While product quality and verity of products were also an important factor in gaining more market share in the non-traditional markets and now Bangladeshi entrepreneurs were making the investment to upgrade the quality of products.
As of now, the potential of non-traditional markets is huge and remains untapped. This is because of higher taxes, which eat up the competition, and non-tariff barriers in some of the potential markets such as India.
“In taping the opportunity of non-traditional exports markets, Bangladesh government has to come up with new steps to explore potential exports items,” Former Advisor to caretaker government AB Mirza Azizul Islam said.
“We also have to identify the products for the Asian market, as the dress pattern of this region is different from the European countries as well as in the American region,” said the economist.
In grabbing more from the pie in non-traditional markets, Bangladesh has to concentrate on products development for those markets, he added with saying “The government should move for a free trade agreement and bilateral trade relations.”
An earlier report of Textile Today told that proper product development and integrated marketing & sourcing plan will be keys to grab these markets. As our manufacturing base here has developed for quantity-based orders, it may require creating some brands for the wholesale market in the non-traditional market to create requirements of a sum of a good volume of garments.

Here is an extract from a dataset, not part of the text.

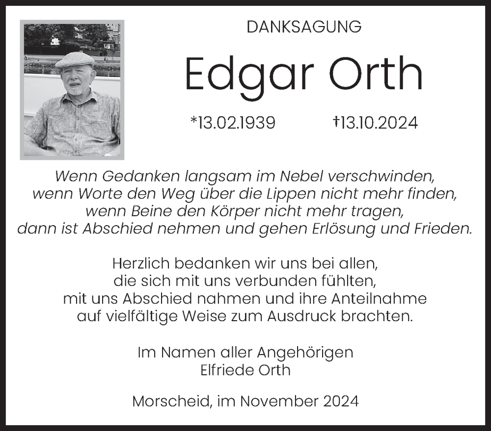 Hier finden Sie alle Traueranzeigen aus der Zeitung, die bisher für Edgar Orth erschienen sind. Weitere Traueranzeigen, die in der Zeitung erscheinen, werden hier ebenfalls aufgelistet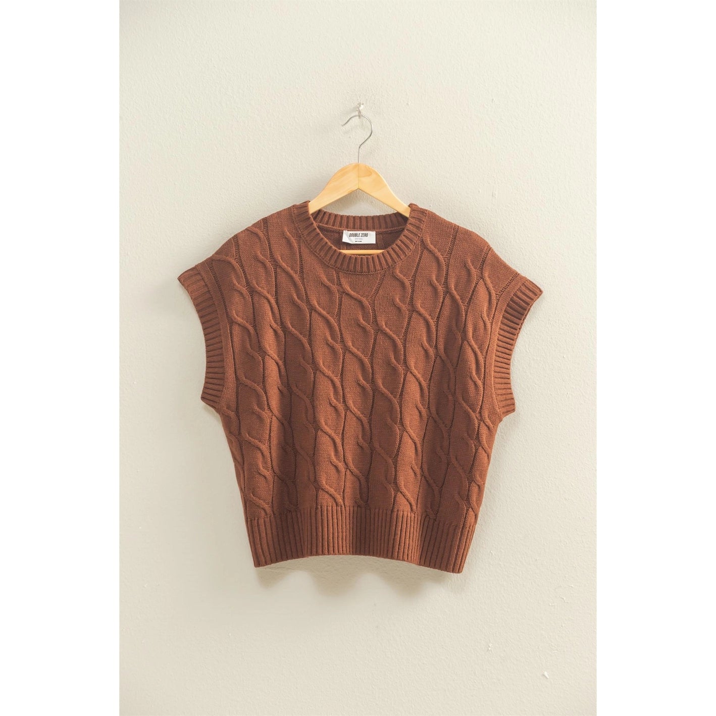 Snuggle up in the "Alexia" Oversized Cable Knit Sweater in warm chestnut. With delightful cable knit details, a cozy crew neck, and playful ribbed edges, this oversized vest keeps you comfy while turning heads. Made from 100% acrylic, it’s soft, easy to wear, and perfect for layering with a fun, stylish twist.

Bangladeshi manufacturers need to invest in marketing and promotion as well. A part of the manufacturing base in Bangladesh can target these markets and reshape them. As a whole quick response system, capability of frequent style changes, cutting room automation, use of software for designing and ERP will increase the competitiveness of enterprises here to grab these potential markets.
Small segregated mode of production can work in place of composite vertical practice here only when good integration can be done by better communication within the industry. A good blend of sourcing partner and production partner will be needed to grab a potential part of the markets like Dubai, Malaysia, India, and South Korea etc. Similar approach can be useful for other non-traditional countries as well.
In fine, both the government and the RMG leaders should come up with proper strategy and footstep to diversify export markets.